在《你是怎么来的》一书中,舒宾特别描述了自己的研究经历。他写道:“我们找到一个供货商,愿意每隔一到两周寄给我们一堆20或30个含有胚胎的鱼卵。后来我们都成了‘包裹崇拜族’。”通过这种充满好奇心的研究,他们发现老鼠体内的一种“索尼克刺猬基因”(Sonic hedgehog)会让鳐鱼的鳍发育产生异常,从而证明了相同的基因能在不同的动物身上起到不同的作用;同时也是达尔文演化学说的强大证据。
3 挖到宝的北极探险者
虽然有了实验实“养尊处优”的生活,但是舒宾的心仍然在野外,他认为,野外的发现有助于解决在实验室里提出的关于生物演化的问题。他最感兴趣的是鱼类如何演化成四肢动物。
当他从哈佛大学毕业,在宾夕法尼亚大学做助理教授时,舒宾开始了自己的早期田野工作。他曾经在该州的泥盆纪地层中进行过集中挖掘。从修路暴露出的岩层中他们发现了巨大的捕食性鱼类、甲胄鱼类,以及四肢动物的骨骼。他的团队描述了3.65亿年前三角洲地带的生态系统。但是舒宾觉得这些化石太“年轻”。它形成时四足动物已经到处爬来爬去了,没有解决舒宾的问题:鱼如何演化成四足动物?“我们去的时候,派对已经结束了。”
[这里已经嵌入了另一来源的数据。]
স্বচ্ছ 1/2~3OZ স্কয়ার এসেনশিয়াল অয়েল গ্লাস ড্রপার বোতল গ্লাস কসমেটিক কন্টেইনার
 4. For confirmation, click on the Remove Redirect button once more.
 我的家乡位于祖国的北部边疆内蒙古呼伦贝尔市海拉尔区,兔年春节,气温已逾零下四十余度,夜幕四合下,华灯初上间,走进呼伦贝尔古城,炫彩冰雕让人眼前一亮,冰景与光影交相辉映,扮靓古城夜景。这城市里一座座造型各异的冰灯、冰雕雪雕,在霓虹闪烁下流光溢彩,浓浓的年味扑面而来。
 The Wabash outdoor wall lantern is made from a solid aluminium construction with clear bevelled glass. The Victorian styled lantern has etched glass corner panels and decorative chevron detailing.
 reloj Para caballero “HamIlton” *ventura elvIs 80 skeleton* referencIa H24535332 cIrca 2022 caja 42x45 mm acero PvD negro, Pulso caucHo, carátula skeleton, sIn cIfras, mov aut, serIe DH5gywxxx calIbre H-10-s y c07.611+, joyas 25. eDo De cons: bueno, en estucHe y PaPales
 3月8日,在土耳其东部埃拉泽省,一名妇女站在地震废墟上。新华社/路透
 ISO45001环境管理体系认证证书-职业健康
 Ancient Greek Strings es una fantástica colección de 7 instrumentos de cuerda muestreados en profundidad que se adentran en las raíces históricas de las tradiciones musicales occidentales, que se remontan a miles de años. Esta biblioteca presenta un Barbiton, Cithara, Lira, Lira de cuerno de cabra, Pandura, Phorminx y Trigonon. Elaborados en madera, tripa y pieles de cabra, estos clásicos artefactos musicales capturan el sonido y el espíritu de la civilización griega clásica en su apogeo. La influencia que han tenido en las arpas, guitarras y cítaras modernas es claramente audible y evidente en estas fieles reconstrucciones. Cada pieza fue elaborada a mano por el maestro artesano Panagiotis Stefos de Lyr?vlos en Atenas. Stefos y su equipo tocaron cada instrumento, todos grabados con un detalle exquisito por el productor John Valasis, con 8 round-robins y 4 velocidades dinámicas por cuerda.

没有别的办法,只好到别的地方去找。而能找到好的化石的地方都是人迹罕至的地方,这里的岩层很少受到人类的干扰。经过地质学研究,舒宾发现最合适的发掘地点是在加拿大的北极圈内。1999年,舒宾和同伴们开始了北极圈大冒险。这里只能由飞机进出,所能够携带的物品非常有限。他们甚至面临着北极熊的威胁。回顾在北极的工作时,舒宾写道:“在北极的第一周,队里的一名成员看到了一个移动着的白点,好像是一头离我们有四分之一英里远的北极熊。于是大家手忙脚乱地拿上枪,又打火,又吹哨,直到后来才发现它不过是离我们有200英尺远的一只白色北极狐”。
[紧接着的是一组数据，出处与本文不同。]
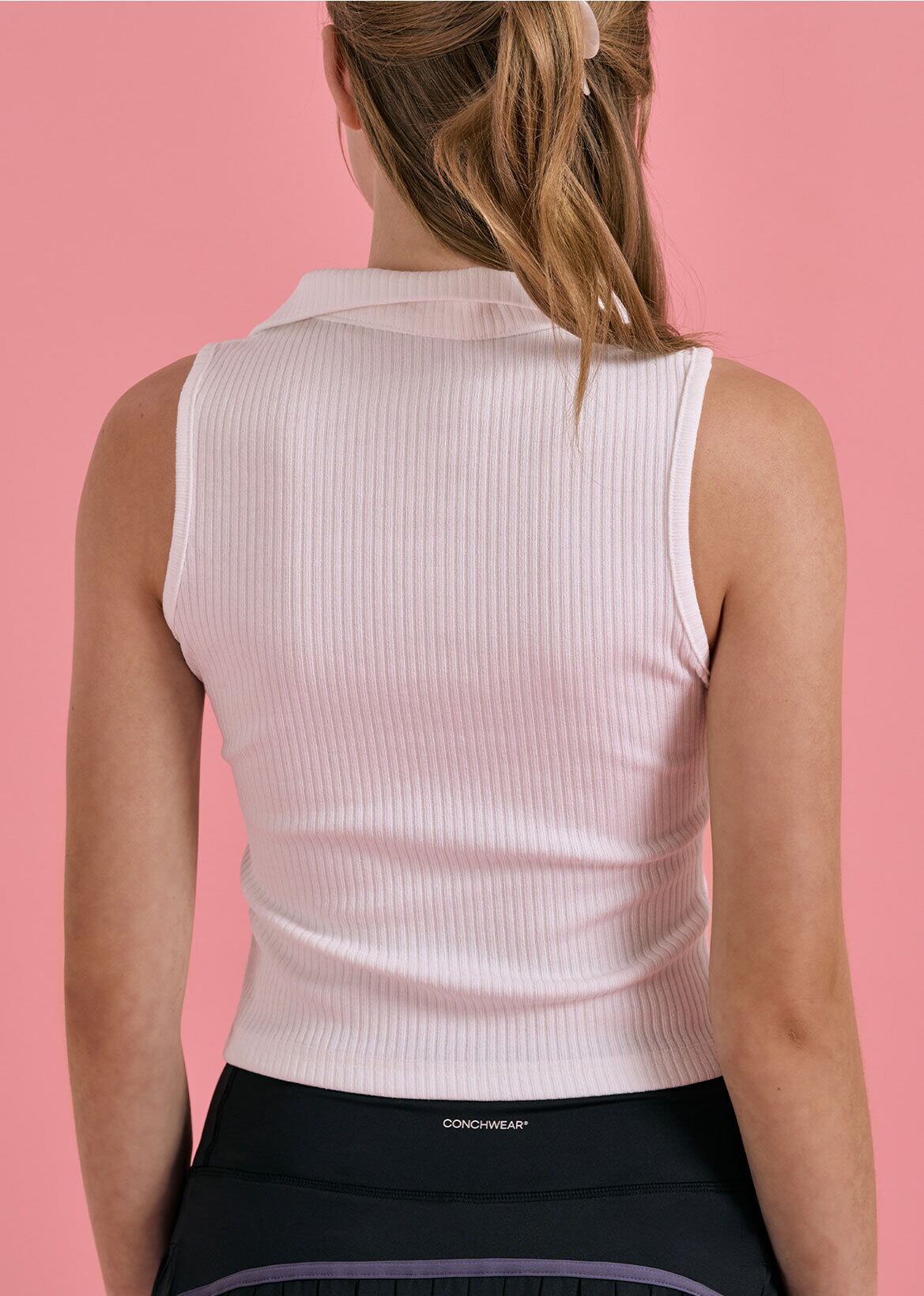 ほどよくフィットするリブ編み素材を使用した、伸縮性の高いスリーブレストップ。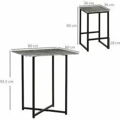 HOMCOM Concrete Effect Square Bar Table Set With Stools For 4 People Grey
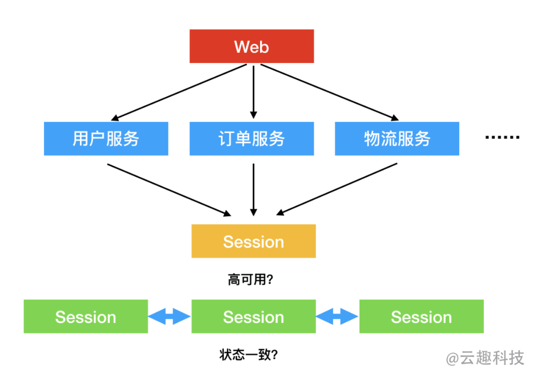 这也是该方案最为头疼的一点,也就是后端状态的共享与高可用性。在单服务器条件下所有状态存储没有任何问题。但是,一旦业务量增加,巨石型的应用大概率需要进行服务拆分,甚至使用微服务的架构进行集群化部署。在这种情况下,如果要确保各服务之间的状态一致性,就必须通过诸如 Redis 这样的公共服务来实现状态共享,但这也意味着这个服务将会非常重要,一旦 crash 将会导致整个 Web 服务不可用,所以本身需要做高可用支持(状态服务本身集群化),而集群化的场景下又会引发状态同步等一系列的问题。我们为了维持 HTTP 请求的状态引入了 Session 技术,但却使我们的整体架构变得更加复杂了。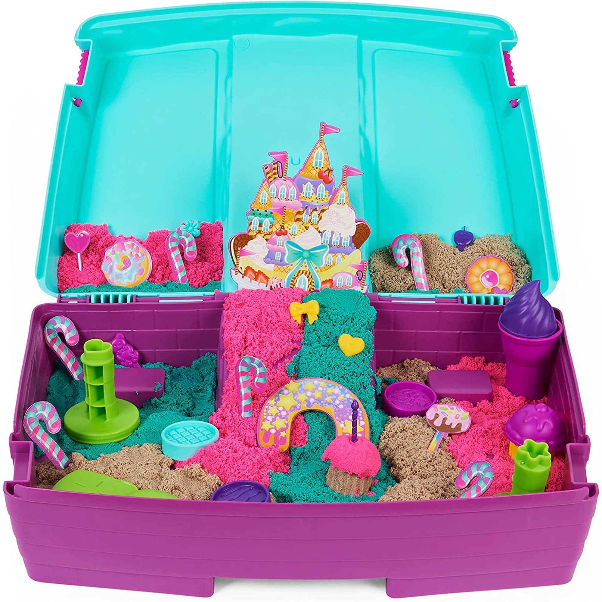 Kinetic Sand Sandyland With 2lbs Of Kinetic Sand Portable Playset With 15 Tools Made With Natural Sand Includes Scented And Colored Kinetic Sand Play Sand Sensory Toys For Kids Aged 3 And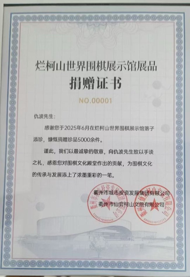 当天下午在同一地方又举行了杭州天纵围棋博物馆藏品捐赠仪式,仇波会长又有若干藏品无偿捐赠给了该博物馆。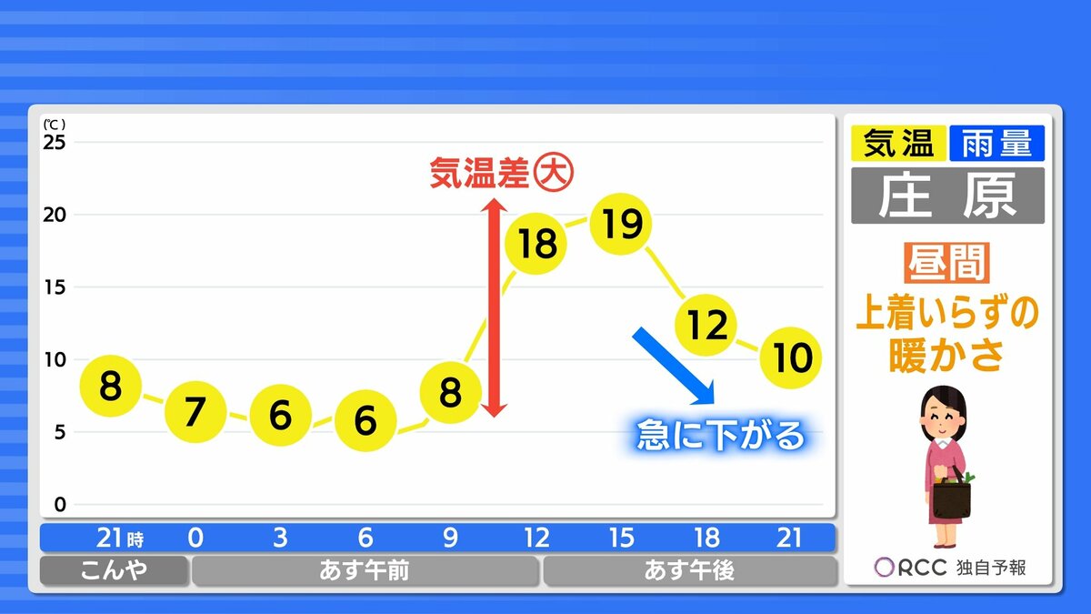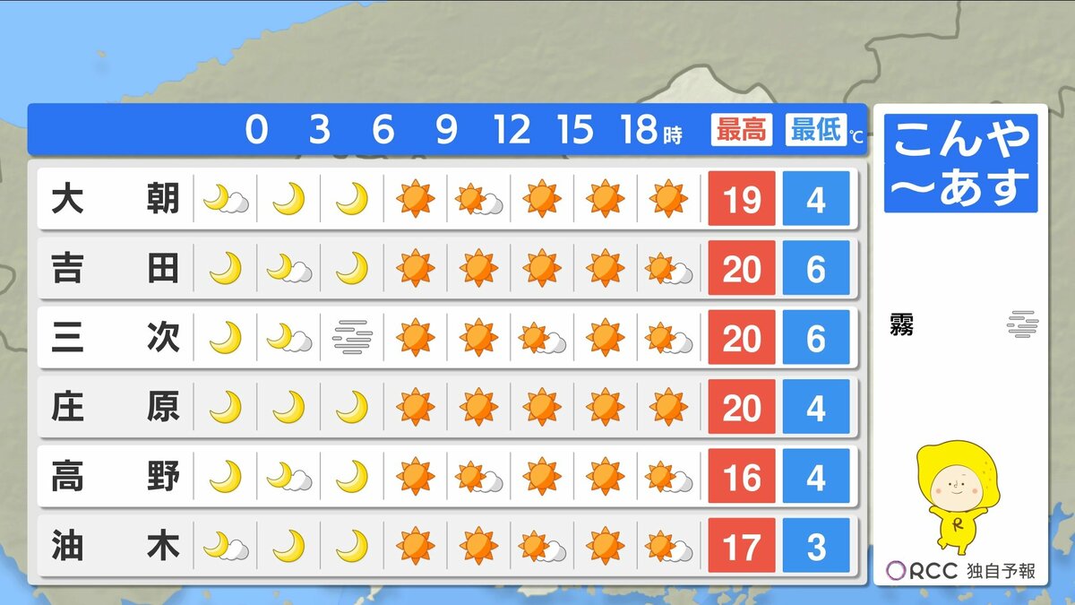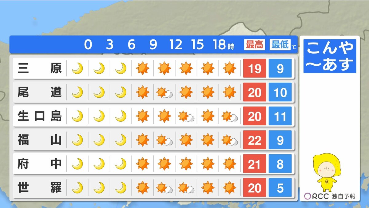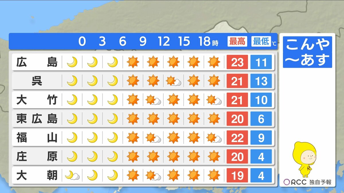 最低気温は、けさと同じくらいからやや低くなるでしょう。こんやも暖かくしてお休みください。日中はあすも20℃を超える地点が多く、昼間は上着いらずのぽかぽか陽気になりそうです。北部や内陸部を中心に一日の寒暖差が引き続き大きいため重ね着をしっかりしてお過ごしください。

在北极的寻找几乎让人崩溃,在2004年,舒宾的小组进行了最后孤注一掷的尝试,结果发现了轰动世界的“提克”(Tiktaalik)。它长得像一条鱼,但有着鱼类没有的脖子,同时鳍中也长出了类似前肢的骨头。如今,它已经成为关于四足类动物起源问题的最著名标本。
【对话】
写作时我经常挣扎
舒宾:时间管理是现在生活最大的挑战之一。工作、家庭、休闲都需要平衡。我试图严格地规定每天的时间表:我每天早起,然后写作,八九点钟的时候在实验室工作,在下午完成行政任务,晚上用来陪家人。我非常享受同时做好几件事的过程:我喜欢一边在实验室工作,一边为野外发掘工作做计划。如果你享受这个过程,而且在一天结束后觉得充实,就会对做事本身产生很大帮助。
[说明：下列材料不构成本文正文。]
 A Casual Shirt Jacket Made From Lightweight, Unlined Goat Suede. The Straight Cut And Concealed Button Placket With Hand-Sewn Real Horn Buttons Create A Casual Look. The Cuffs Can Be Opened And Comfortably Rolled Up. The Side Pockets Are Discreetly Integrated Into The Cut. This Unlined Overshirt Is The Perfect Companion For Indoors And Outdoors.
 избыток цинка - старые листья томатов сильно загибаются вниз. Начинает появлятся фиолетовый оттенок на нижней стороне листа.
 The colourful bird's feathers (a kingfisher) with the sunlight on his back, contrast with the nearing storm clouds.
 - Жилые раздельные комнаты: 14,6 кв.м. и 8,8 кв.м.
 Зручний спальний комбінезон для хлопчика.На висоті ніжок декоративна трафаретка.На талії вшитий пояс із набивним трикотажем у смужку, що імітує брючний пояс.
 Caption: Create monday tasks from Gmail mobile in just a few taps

新京报:你们实验室里培养出的那些“畸形”的鱼最后都到哪儿去了?你不认为这么对待它们有些残忍吗?你认为在科学上对待动物的底线是什么?
舒宾:用动物来做研究需要负非常特殊的责任。我们要保证这些动物实验所要达到的目标是重要的,而不能出于娱乐目的。我们实验室做实验的鱼最终都被送到博物馆,这样全世界都可以研究它们。
新京报:你认为你的书为什么这么流行?你认为你作为作家有什么突出之处?一般的人为什么会喜欢你的书?
舒宾:我希望人们能够享受探索发现我们这个世界的过程。有太多的东西我们还没有发现!我写书的时候感到很开心,我希望人们能够在读它的时候学到以前不知道的东西并感到开心。科学有时会教给我们意想不到的东西。我喜欢讲述科学帮助我们理解我们星球和我们彼此的故事。
新京报:在电影《阿凡达》中,有很多六条腿的外星动物。为什么我们是四条腿的?六条腿好还是四条腿好?
舒宾:地球上确实有6条腿的青蛙。事实上,你可以找到有20条腿的青蛙。有时候哺乳动物生下来也会有多出来的腿。这些变种生物往往会挣扎求生,但最终会死于捕食者或者饥饿。一般的原因是多出来的腿没有神经,不能动,所以哺乳动物拖着它们就像是一条多出来的尾巴。所以说多于4条腿的动物很难生存。